Cries of pain: The word 'capitalism'

Autor: Steven G. Marks
Rok vydání: 2016
Předmět:
Popis: Throughout nineteenth-century Europe, industrialization and urbanization occurred rapidly and in tandem with wrenching socio-political transformation. Within several generations the continent experienced the disappearance of cottage craft industries and explosive demographic growth. Peasants fled their overcrowded farming villages for the shanty towns and tenements of big cities that were bursting at the seams but offered employment in factories, workshops, and retail stores. In the nineteenth century, that could seem a mixed blessing because of the lack of sanitation, the ubiquity of vermin, and the pollution: the inhabitants of Hamburg, Germany, saw “everything as if through a veil, for the smoke from a thousand chimneys spread over everything like a drifting mist.” To go from being a mainly farming society to a mainly industrial and urban one was a jarring shift in the extreme.
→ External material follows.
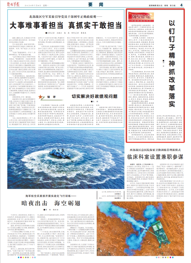習(xí)主席強(qiáng)調(diào)指出,要以釘釘子精神抓改革落實(shí),既要積極主動(dòng),更要扎實(shí)穩(wěn)健,明確優(yōu)先序,把握時(shí)度效,盡力而為、量力而行,不能脫離實(shí)際。深化國(guó)防和軍隊(duì)改革大開大合、大破大立、蹄疾步穩(wěn),這一輪改革任務(wù)基本完成。我們應(yīng)總結(jié)運(yùn)用改革成功經(jīng)驗(yàn),把握新的形勢(shì)和任務(wù)要求,聚焦備戰(zhàn)打仗,勇于開拓創(chuàng)新,扎實(shí)抓好既定改革任務(wù)落實(shí)。對(duì)定下來的改革舉措要不折不扣貫徹執(zhí)行,一心一意攻堅(jiān)克難往前推。越是任務(wù)重、困難大,越要知難而進(jìn)、迎難而上,有定力、有擔(dān)當(dāng)、有韌勁,確保各項(xiàng)改革舉措落實(shí)、落細(xì)、落穩(wěn)。

Polarities of wealth were severe in the new metropolises, and, for many societies undergoing industrialization for the first time, for at least a generation the wages and living standard of workers were as likely to decline as improve. This is the general context in which the word “capitalism” emerged. Unlike the word “capital,” which dates to ancient Rome, and “capitalist,” which was coined in mid-seventeenth-century Holland and Germany, “capitalism” is of relatively recent vintage. Before the mid-nineteenth century it appeared scattershot in the European and American press. Its consistent usage commenced in 1850, beginning with this passage by French socialist Louis Blanc in the ninth edition of his book The Organization of Labor : “What I would call capitalism … [is] the appropriation of capital by the few, to the exclusion of the many.” “Capitalism,” he continues, is “the mortal enemy” of those who would make capital – “the hen that lays the golden egg” – accessible to the masses. Later that same year, the anarchist-socialist Pierre-Joseph Proudhon mentioned the word in his personal correspondence, and in 1857 it made its appearance in one of his pamphlets. It makes sense that the word would have arisen in France in that time period: “socialism,” “communism,” and “liberalism” were coined there earlier in the century; adding “ism” to French words had become a natural linguistic reflex in the highly politicized atmosphere of class tensions and ideological conflict following the revolutions of 1789, 1830, and now 1848.